Records from a collection
+++

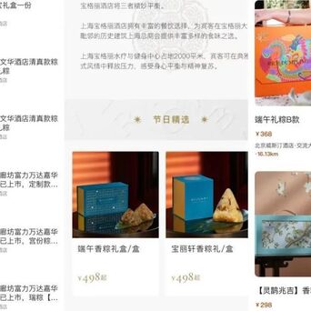 此外,万豪旗下的北京威斯汀酒店、北京金隅喜来登大酒店、北京金融街丽思卡尔顿酒店、北京富力万丽酒店等多个高端酒店也均有粽子礼盒售卖,价格在数百元不等,且都用了定制礼盒,包装精美。几款较贵的礼盒内,除了包含粽子外,还有鸭蛋、茶叶等。
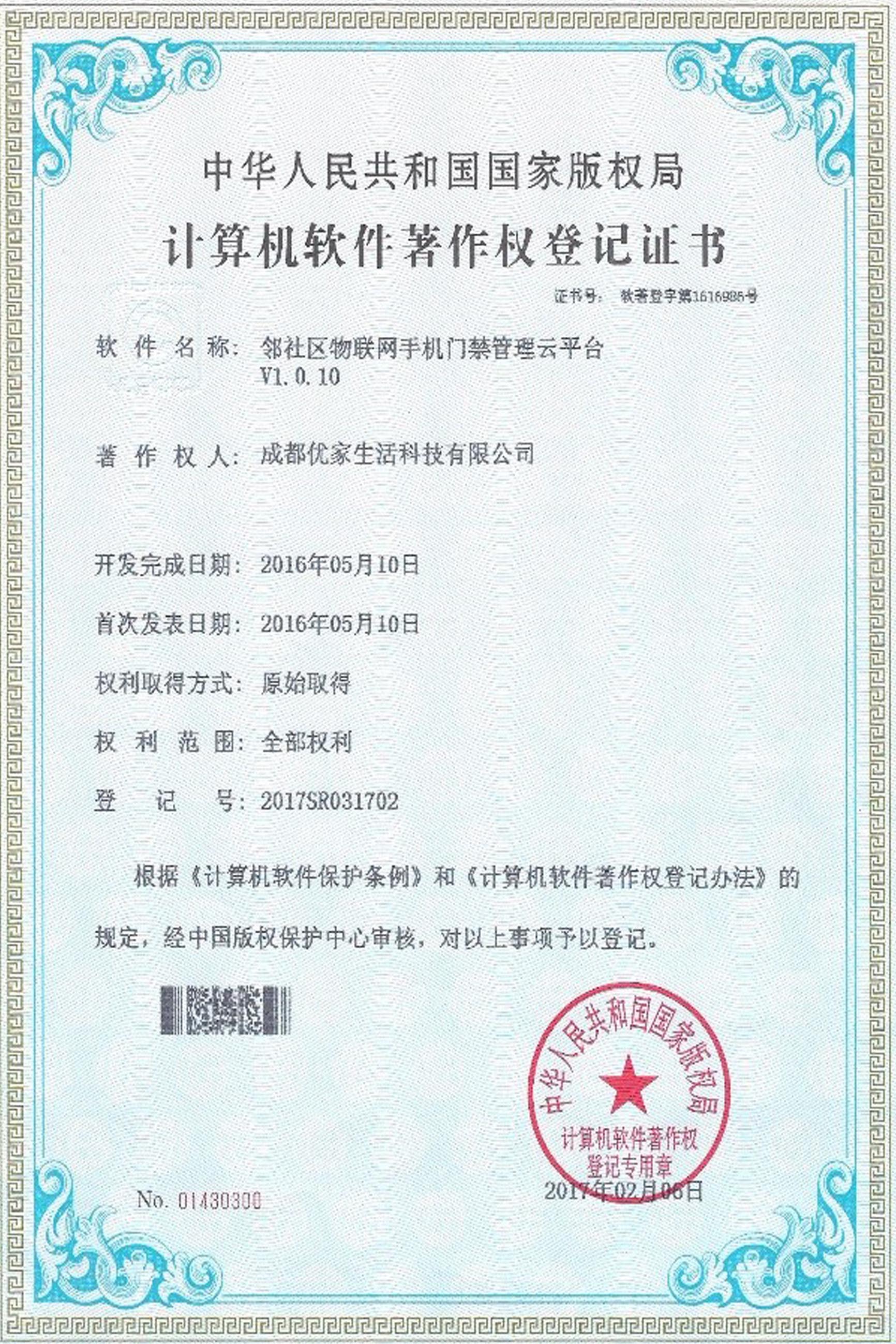 邻社区物联网手机门禁系统新获得1项软件著作权
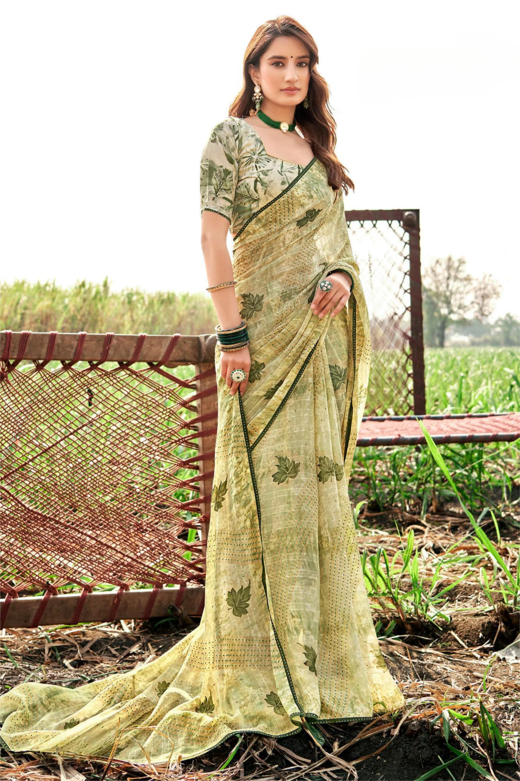 Comes with a matching unstitched blouse piece for customized stitching.
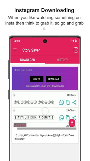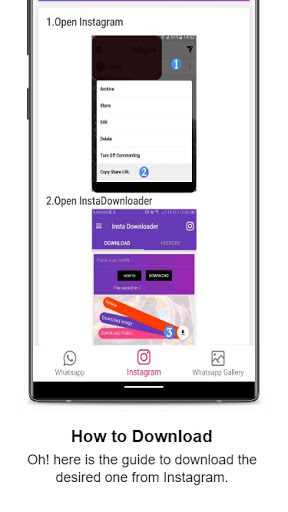 Insta Downloader helps you save Video / Photo / Story / Reels /Highlight from Instagram and IGTV to your phone and you can save photo images, GIF, Video from status of WhatsApp
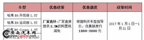 2017年起國家下調(diào)了小排量汽車購置稅優(yōu)惠幅度,將排量1.6L及以下乘用車的購置稅優(yōu)惠從5%改為按照7.5%來征收(國家法定車輛購置稅的稅率為10%)。2017年1月1日起執(zhí)行的小排量購置稅新政,讓很多顧客錯過了購車時機(jī),為了成全更多用戶的購車夢想,哈弗推出了廠家直補(bǔ)措施,對哈弗H6 1.5T(升級版/運動版/Coupe)、以及哈弗H2全系(不含H2s)車型提供2.5%的“廠家直補(bǔ)”。也就是說,購買上述車型,都將繼續(xù)享受購置稅減半政策。
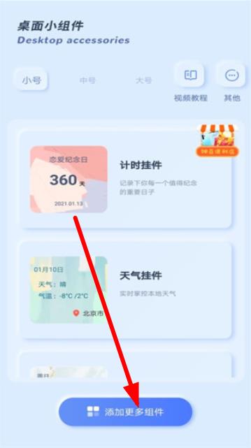 2、在主界面,點(diǎn)擊添加更多組件選項(xiàng),進(jìn)入組件庫(kù)頁(yè)面。
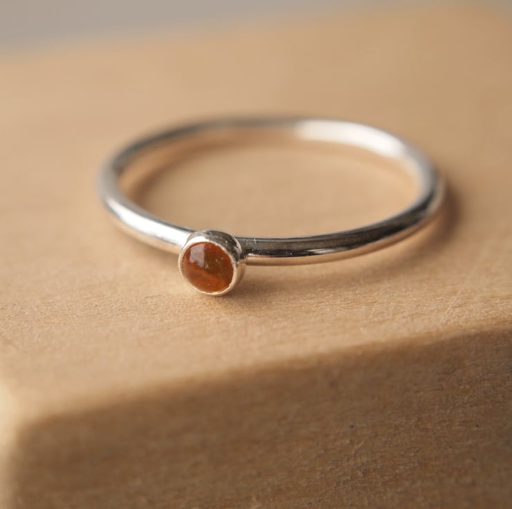 Sterling Silver and Citrine Birthstone Ring. A yellow Citrine round gemstone is carefully sent onto a round wire band of Sterling Silver to create this simple minimalist Ring. The ring is designed to stack with any ring in my collection. Citrine is also the Birthstone for November - perfect for anyone with a birthday in this month.
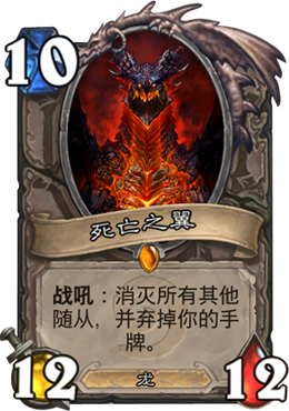 死翼是《魔兽世界》设定中最标志性,最强的反派之一,所以他的出场率低实在是令人感到可耻,考虑到他那毁天灭地之能。它基本上就是一个大清场以及背水一战来赢得比赛,而这会令大多数玩家觉得是一种很不爽的代价。没人想冒这个险把胜负赌在一张卡上,因为只需要一张王牌猎人它就拜拜了。但死翼并不是中期应该上的。死翼应该一直捏在手上直到很后期很后期才上,当你使用的是一套硬控卡组来尽量拖延比赛节奏的时候。它并不是用来中期清场,而应该是终结你对手的最后一击。
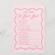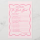 Feiern Sie mit dem "Personalisierten Wavy Pink Brautparty Who Knows the Bride Best"-Spiel, perfekt für die Liebe ist in der Luft Brautparty-Ideen und Valentins Brautparty-Ideen. Mit dem Brautparty des Valentiner Spiels ergänzt dieses Spiel alle Ideen aus rosa Brautparty oder rosa Brautparty. Ideal, um das Thema des Knotens zu küssen, oder das Thema des Knotens zu küssen, ist es eine lustige Ergänzung zum Küssen der Brautparty-Abschiedsfeiern, Liebe ist im Brautparty-Thema Blüte, oder ein hübsch in rosa Junggeselinnen-Abschied und rosa Junggeselinnen-Abschied.
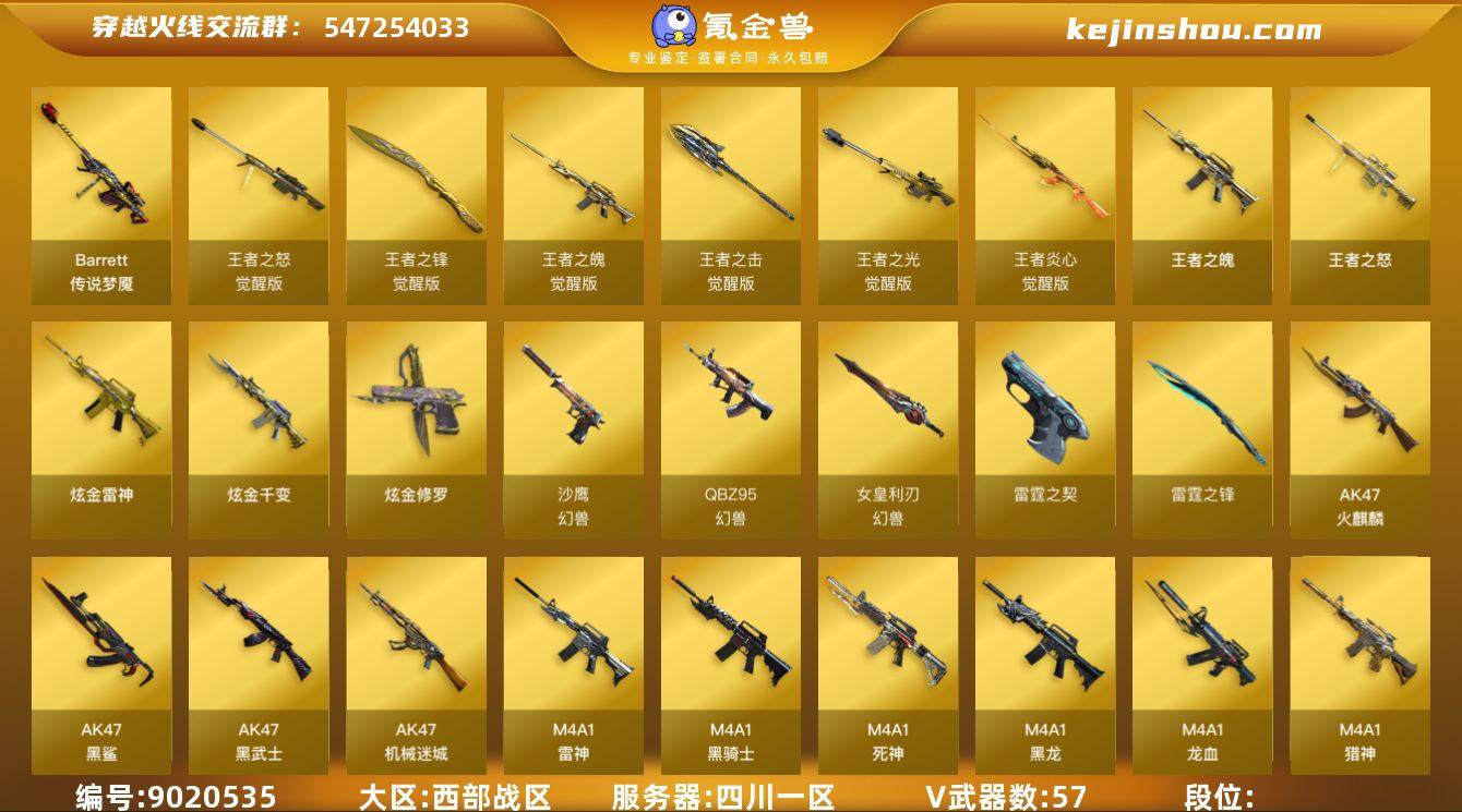 实名: 可修改 排位资格: 有 V武器: AK47-火麒麟,AK47-黑鲨,AK47-黑武士,AK47-机械迷城,M4A1-雷神,M4A1-黑骑士,M4A1-死神,M4A1-黑龙,M4A1-龙血,M4A1-猎神,M4A1-玫瑰精灵,Barrett-毁灭,Barrett-极光,Barrett-朱雀,AWM-天龙,AWM-裁决,M200-幻神,AA-12-雷霆,AK12-天启,HK417-朱雀,QBZ03-金色蔷薇,9A91-烈火,RPK-盘龙,汤姆逊-烈龙,加特林-炼狱,沙鹰-修罗,沙鹰-天神,屠龙,龙啸,麒麟刺,擎天,传说梦魇,M200-竞技荣光,柯尔特-竞技荣光,USP-雷暴,擎天-竞技荣光,AK47-B-战士,AK47-B-战神,AK-47-猩红传说,裁决,烈龙,盘龙,修罗,雷霆之锋,雷霆之契,女皇利刃-幻兽,QBZ95-幻兽,沙鹰-幻兽 王者武器: 王者之魄,王者之怒,王者炎心-觉醒版,王者之光-觉醒版,王者之击-觉醒版,王者之魄-觉醒版,王者之锋-觉醒版,王者之怒-觉醒版 炫金武器: 炫金雷神,炫金千变,炫金修罗 热门武器: COP-旗袍,M37-葵,巴雷特-零-水下丽影,天龙-曼陀罗 狙击枪稀有皮肤: 毁灭-荣耀之怒,毁灭耀金皮肤,毁灭-星空,毁灭-青帝,毁灭-荣耀之怒-网吧特权 英雄角色: 炫,魅影,电竞教官-云悠悠,王者-沙漠玫瑰,兰-海滩派对,狐影 音效道具: M4A1-雷神音效卡,Barrett-毁灭音效卡
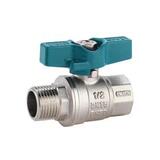 Кран шаровой. Вид: прямой кран. Назначение: вода. Тип ручки: бабочка. Тип арматуры: запорная. Материал: корпус- латунь, шарик-латунь. Тип резьбы: 1/2F-1/2М (1/2 гайка-штуцер). Тип присоединения: резьбовой

+++

* Description of the task: Copy every record above exactly, leaving out the pictures.

* Task output:
 此外,万豪旗下的北京威斯汀酒店、北京金隅喜来登大酒店、北京金融街丽思卡尔顿酒店、北京富力万丽酒店等多个高端酒店也均有粽子礼盒售卖,价格在数百元不等,且都用了定制礼盒,包装精美。几款较贵的礼盒内,除了包含粽子外,还有鸭蛋、茶叶等。
 邻社区物联网手机门禁系统新获得1项软件著作权
 Comes with a matching unstitched blouse piece for customized stitching.
 Insta Downloader helps you save Video / Photo / Story / Reels /Highlight from Instagram and IGTV to your phone and you can save photo images, GIF, Video from status of WhatsApp
 2017年起國家下調(diào)了小排量汽車購置稅優(yōu)惠幅度,將排量1.6L及以下乘用車的購置稅優(yōu)惠從5%改為按照7.5%來征收(國家法定車輛購置稅的稅率為10%)。2017年1月1日起執(zhí)行的小排量購置稅新政,讓很多顧客錯過了購車時機(jī),為了成全更多用戶的購車夢想,哈弗推出了廠家直補(bǔ)措施,對哈弗H6 1.5T(升級版/運動版/Coupe)、以及哈弗H2全系(不含H2s)車型提供2.5%的“廠家直補(bǔ)”。也就是說,購買上述車型,都將繼續(xù)享受購置稅減半政策。
 2、在主界面,點(diǎn)擊添加更多組件選項(xiàng),進(jìn)入組件庫(kù)頁(yè)面。
 Sterling Silver and Citrine Birthstone Ring. A yellow Citrine round gemstone is carefully sent onto a round wire band of Sterling Silver to create this simple minimalist Ring. The ring is designed to stack with any ring in my collection. Citrine is also the Birthstone for November - perfect for anyone with a birthday in this month.
 死翼是《魔兽世界》设定中最标志性,最强的反派之一,所以他的出场率低实在是令人感到可耻,考虑到他那毁天灭地之能。它基本上就是一个大清场以及背水一战来赢得比赛,而这会令大多数玩家觉得是一种很不爽的代价。没人想冒这个险把胜负赌在一张卡上,因为只需要一张王牌猎人它就拜拜了。但死翼并不是中期应该上的。死翼应该一直捏在手上直到很后期很后期才上,当你使用的是一套硬控卡组来尽量拖延比赛节奏的时候。它并不是用来中期清场,而应该是终结你对手的最后一击。
 Feiern Sie mit dem "Personalisierten Wavy Pink Brautparty Who Knows the Bride Best"-Spiel, perfekt für die Liebe ist in der Luft Brautparty-Ideen und Valentins Brautparty-Ideen. Mit dem Brautparty des Valentiner Spiels ergänzt dieses Spiel alle Ideen aus rosa Brautparty oder rosa Brautparty. Ideal, um das Thema des Knotens zu küssen, oder das Thema des Knotens zu küssen, ist es eine lustige Ergänzung zum Küssen der Brautparty-Abschiedsfeiern, Liebe ist im Brautparty-Thema Blüte, oder ein hübsch in rosa Junggeselinnen-Abschied und rosa Junggeselinnen-Abschied.
 实名: 可修改 排位资格: 有 V武器: AK47-火麒麟,AK47-黑鲨,AK47-黑武士,AK47-机械迷城,M4A1-雷神,M4A1-黑骑士,M4A1-死神,M4A1-黑龙,M4A1-龙血,M4A1-猎神,M4A1-玫瑰精灵,Barrett-毁灭,Barrett-极光,Barrett-朱雀,AWM-天龙,AWM-裁决,M200-幻神,AA-12-雷霆,AK12-天启,HK417-朱雀,QBZ03-金色蔷薇,9A91-烈火,RPK-盘龙,汤姆逊-烈龙,加特林-炼狱,沙鹰-修罗,沙鹰-天神,屠龙,龙啸,麒麟刺,擎天,传说梦魇,M200-竞技荣光,柯尔特-竞技荣光,USP-雷暴,擎天-竞技荣光,AK47-B-战士,AK47-B-战神,AK-47-猩红传说,裁决,烈龙,盘龙,修罗,雷霆之锋,雷霆之契,女皇利刃-幻兽,QBZ95-幻兽,沙鹰-幻兽 王者武器: 王者之魄,王者之怒,王者炎心-觉醒版,王者之光-觉醒版,王者之击-觉醒版,王者之魄-觉醒版,王者之锋-觉醒版,王者之怒-觉醒版 炫金武器: 炫金雷神,炫金千变,炫金修罗 热门武器: COP-旗袍,M37-葵,巴雷特-零-水下丽影,天龙-曼陀罗 狙击枪稀有皮肤: 毁灭-荣耀之怒,毁灭耀金皮肤,毁灭-星空,毁灭-青帝,毁灭-荣耀之怒-网吧特权 英雄角色: 炫,魅影,电竞教官-云悠悠,王者-沙漠玫瑰,兰-海滩派对,狐影 音效道具: M4A1-雷神音效卡,Barrett-毁灭音效卡
 Кран шаровой. Вид: прямой кран. Назначение: вода. Тип ручки: бабочка. Тип арматуры: запорная. Материал: корпус- латунь, шарик-латунь. Тип резьбы: 1/2F-1/2М (1/2 гайка-штуцер). Тип присоединения: резьбовой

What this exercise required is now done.